Topics often addressed:
● The relationship between diet and Alzheimer's disease
● The reversal of diabetes using a plant based diet
● The addictive and carcinogenic qualities of dairy cheese
● The unsuitability of cows milk as a component of the human diet
● Links between processed meat consumption and cancer
3. Michael Greger, MD
Dr. Greger is a physician, researcher, New York Times bestselling author, and
internationally recognized speaker on nutrition, food safety, and public health issues. A
founding member and Fellow of the American College of Lifestyle Medicine, Dr. Greger
is licensed as a general practitioner specializing in clinical nutrition. He is a graduate of
the Cornell University School of Agriculture and Tufts University School of Medicine. In
2017, Dr. Greger was honored with the ACLM Lifestyle Medicine Trailblazer Award and
became a diplomat of the American Board of Lifestyle Medicine. Dr. Greger's most
recent scientific ​publications​ in the ​American Journal of Preventive Medicine​, ​Critical
Reviews in Microbiology​, F ​ amily and Community Health​, and the ​International Journal of
Food Safety, Nutrition, and Public Health​ explore the public health implications of
industrialized animal agriculture. He is the author of ​Bird Flu: A Virus of Our Own
Hatching​ and ​Carbophobia: The Scary Truth Behind America's Low Carb Craze​. Both of
his latest books, ​How Not to Die​ and the ​How Not to Die Cookbook​, became instant New
York Times Best Sellers.

Dr. Greger is a Council of Directors member of the global voice for lifestyle as medicine,
the ​True Health Initiative​ (THI).
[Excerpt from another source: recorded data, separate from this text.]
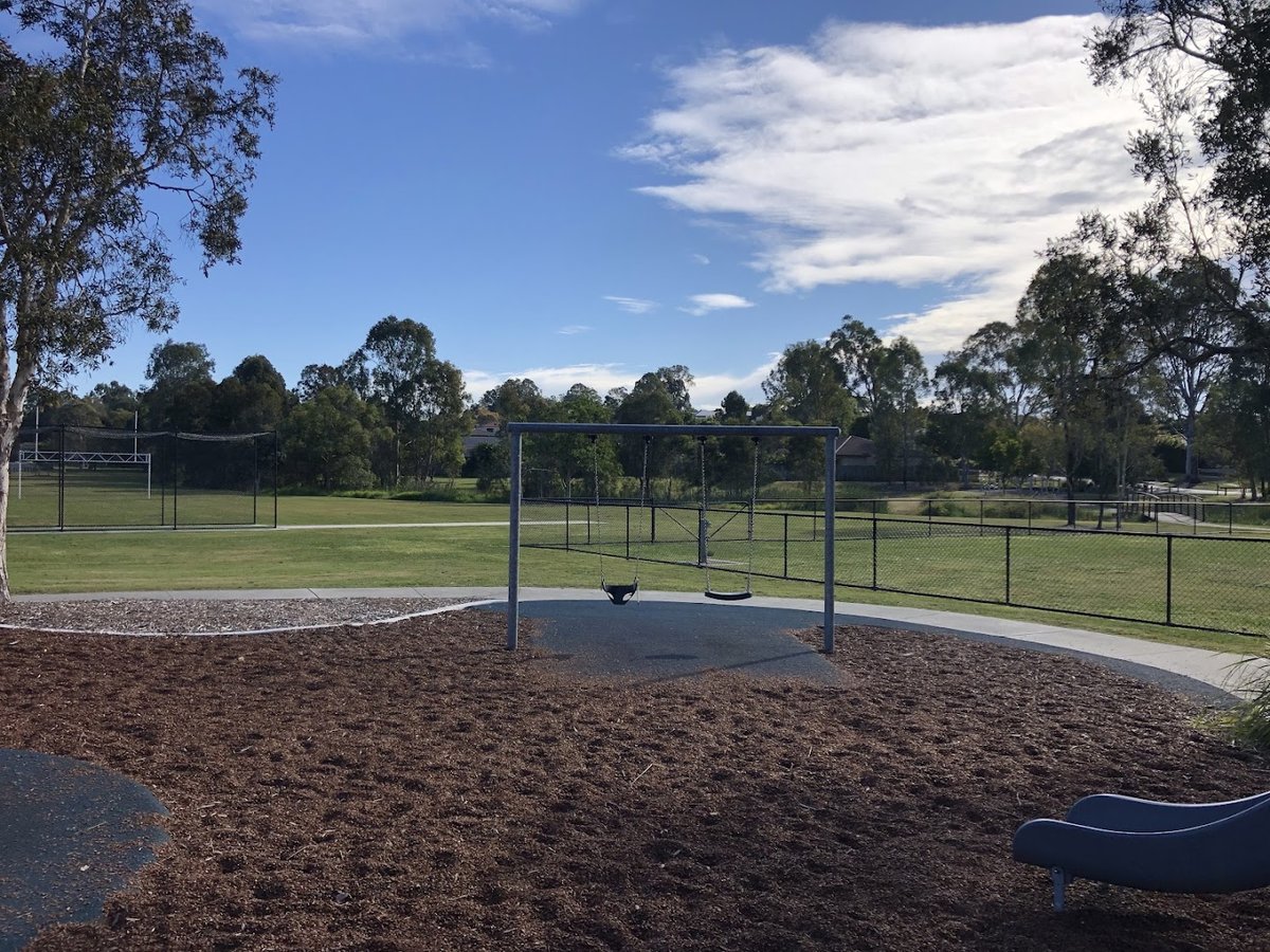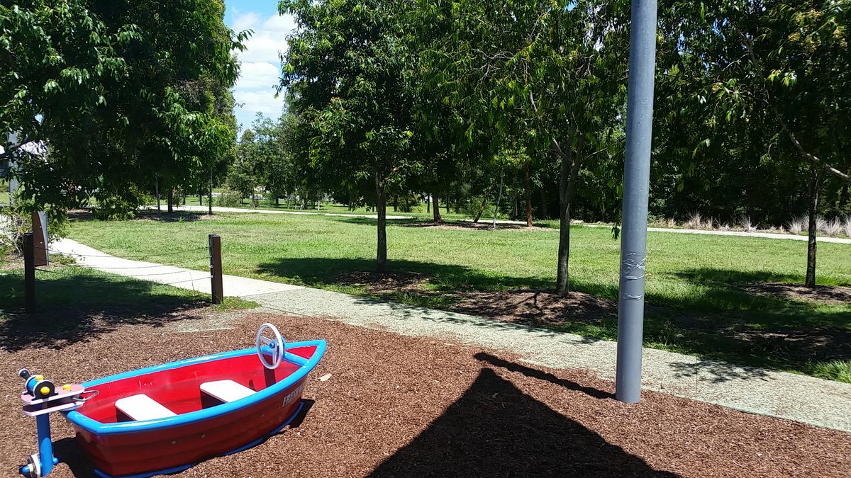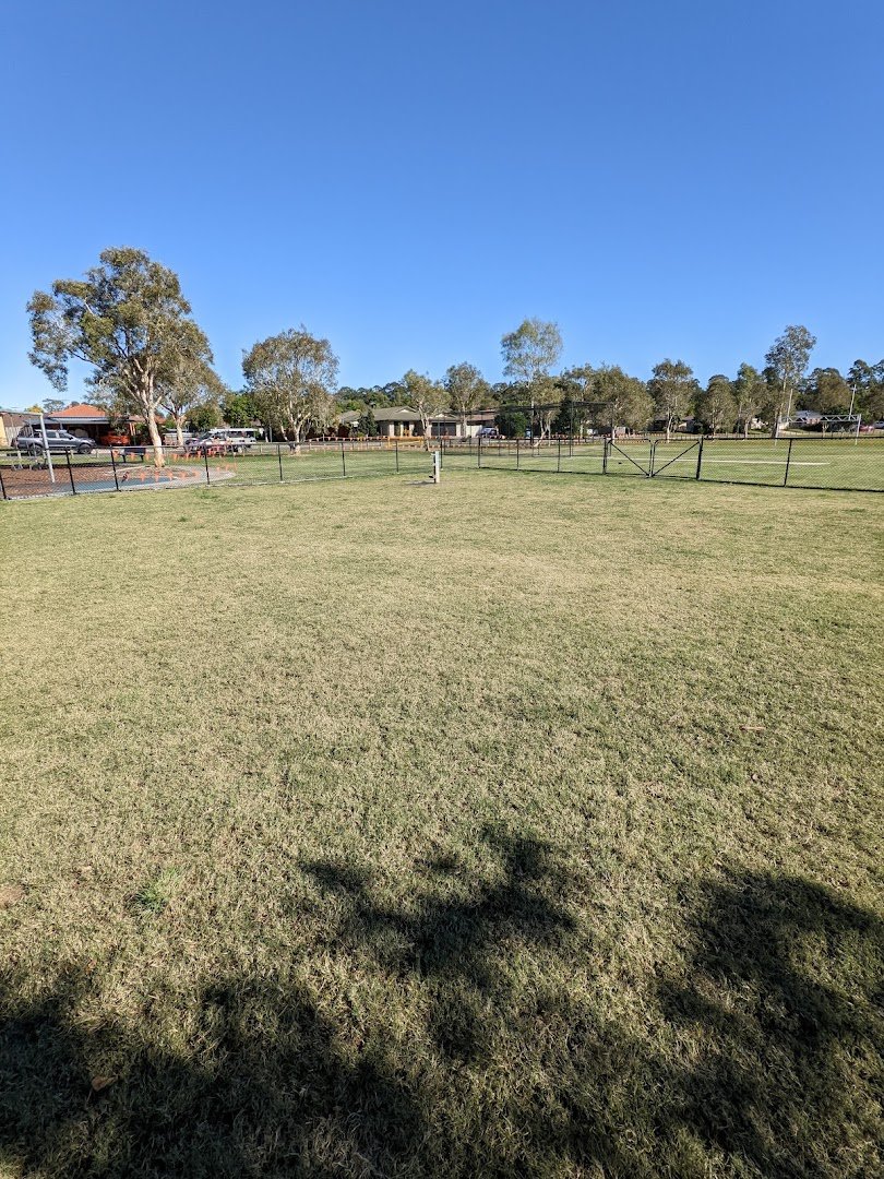 Ultramarine Parade Dog Park offers a spacious and well-maintained environment for both dogs and their owners. The primary feature is a large, fully fenced off-leash area enclosed by black chain-link fencing, accessible via a secure double-gate entry system. Inside the enclosure, the surface is predominantly flat grass, providing ample room for dogs to run. Amenities within the fenced area include multiple benches, a sheltered picnic table, and a dedicated water station with a dog bowl. While the park features a man-made shelter, several large mature trees also provide significant natural shade throughout the day. Outside the dog-specific zone, the broader park area includes a children's playground with swings, a slide, and a themed boat toy on woodchip surfaces, as well as sports facilities like cricket nets. Paved pathways connect the various sections, making the park accessible and family-friendly. The overall atmosphere is open and inviting, set within a suburban landscape. The park's layout effectively separates active play areas from quiet seating zones, ensuring a pleasant experience for all visitors.
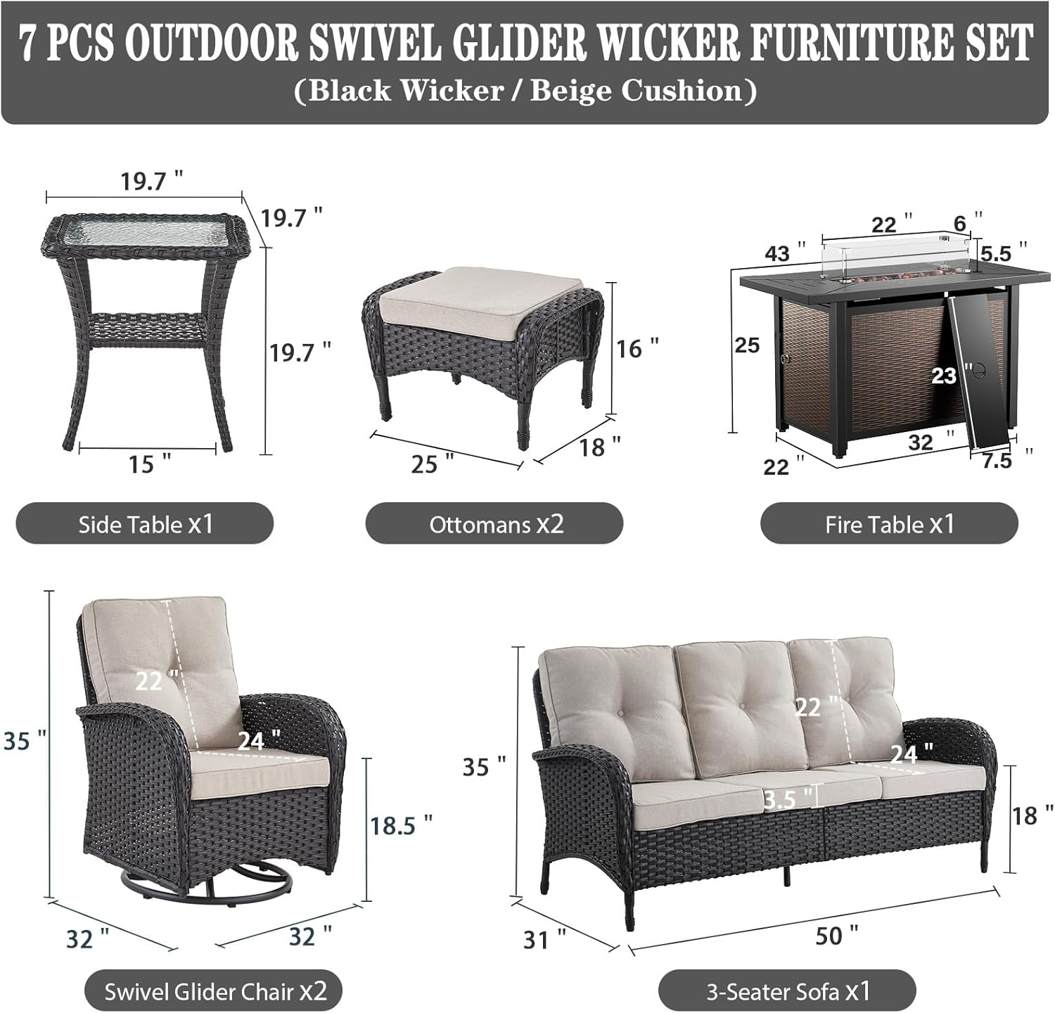 - Size : 8 PCS - Swivel Glider & Sofa & Fire Table
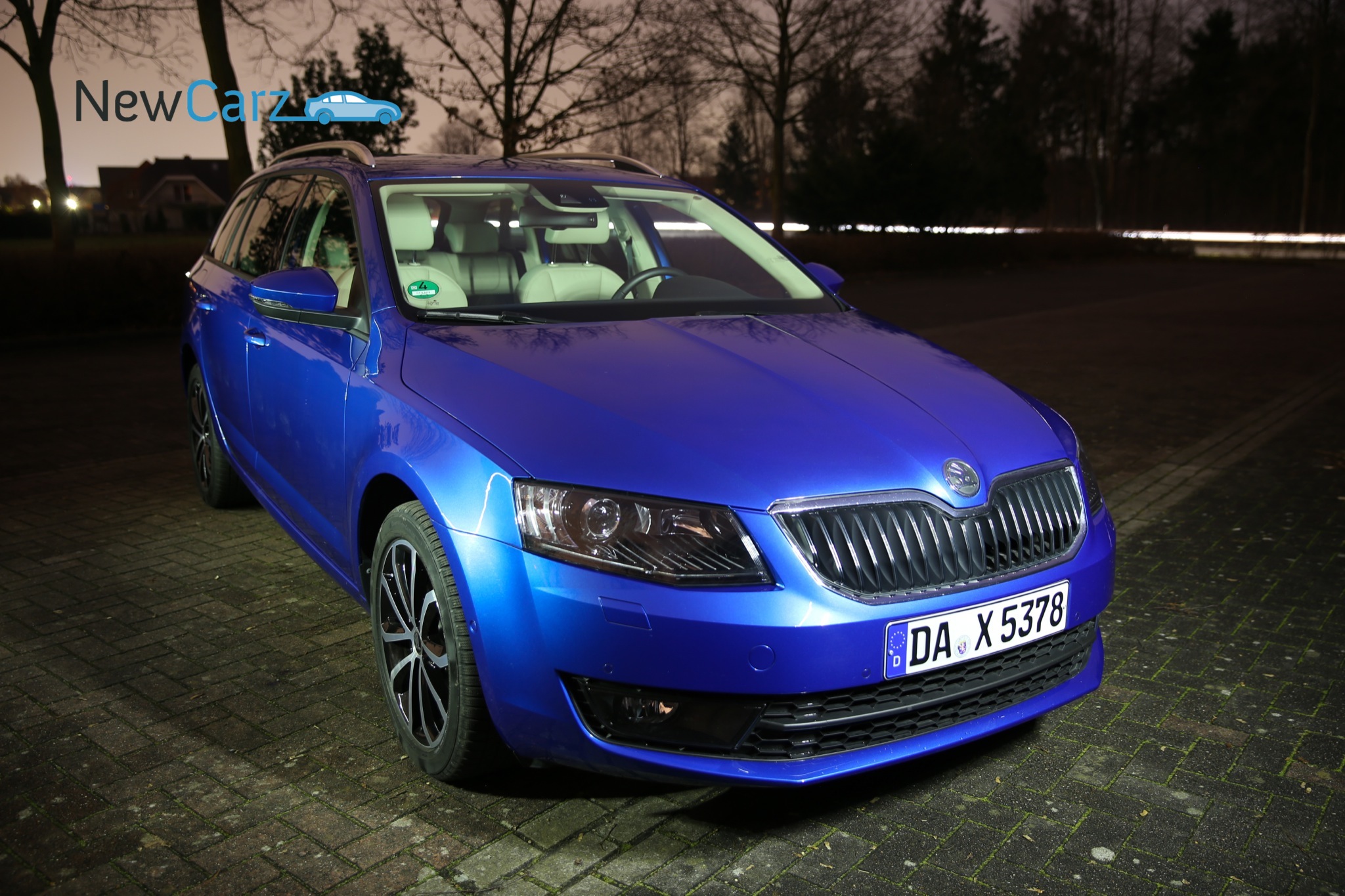 Da steht er also, der race-blaue Octavia Combi. Allein die Farbe ist ein Highlight, da sie mit ihrer Frische und Stärke die Blicke auf sich zieht. Besonders vor dem Hintergrund, dass das Gros der ausgelieferten Modelle in den üblichen Silber-, Grau-, oder Schwarztönen ausgeliefert wird. In Verbindung mit der im Testwagen enthaltenen beigen Lederausstattung entsteht so eine seltene Kombination, die zu gefallen weiß. Doch bleiben wir beim Exterieur: Die Linienführung geriet enorm unaufgeregt, was auf eine ausgesprochene Zeitlosigkeit hindeutet. Viele ebene Flächen, unterstrichen von wenigen, aber passend gesetzten Bügelfalten, sind stilbildend. Das abfallende Dach und die sehr dezent ansteigende Tornado-Linie setzten dabei sportliche Akzente, ohne zu übertreiben.
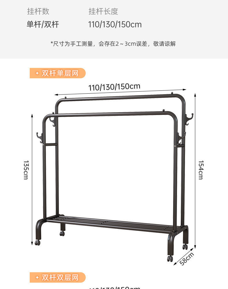 • 업그레이드된 더블 후크 모델 - 더블 폴 싱글 레이어 - 110cm 블랙

This is a growing coalition of more than 360 world
experts representing 35 countries. It is an unprecedented assembly that includes
physicians, university Deans, former Surgeon Generals, Olympic athletes, chefs,
environmental professionals and a diverse group of nutritionists. Together they offer
clarity over confusion and support the foundational principles of healthy eating and
healthy living.

Dr. Greger's nutrition work can be found at ​NutritionFacts.org​, which is a registered


501(c)3 nonprofit charity where people can find out what the latest science is saying
about their favorite foods to help them make the healthiest choices. This is where he
creates and catalogs the latest in nutrition research via bite-sized videos. There are
more than a thousand videos on nearly every aspect of healthy eating, with new videos
and articles uploaded every day.

4. Caldwell Esselstyn, Jr., MD


Doctor Esselstyn was trained as a surgeon at the Cleveland Clinic and at St. George’s
Hospital in London. In 1968, as an Army surgeon in Vietnam, he was awarded the
Bronze Star.
Dr. Esselstyn has been associated with the Cleveland Clinic since 1968. During that
time, he has served as President of the Staff and as a member of the Board of
Governors. In 1991, Dr. Esselstyn served as President of the American Association of
Endocrine Surgeons, That same year he organized the first National Conference on the
Elimination of Coronary Artery Disease through a low fat vegan diet. Over his career he
has received numerous prestigious rewards, and he has authored over 150 scientific
publications. In 1995 he published his benchmark long-term nutritional research
arresting and reversing coronary artery disease in severely ill patients. That same study
was updated at 12 years and reviewed beyond twenty years in his book, Prevent and
Reverse Heart Disease, making it one of the longest longitudinal studies of its type. In
July of 2014 he reported the experience of 198 participants seriously ill with
cardiovascular disease. During 3.7 years of follow up of those adherent to the program,
99% avoided further major cardiac events. Dr. Esselstyn presently directs the
cardiovascular prevention and reversal program through a plant-based diet at The
Cleveland Clinic Wellness Institute.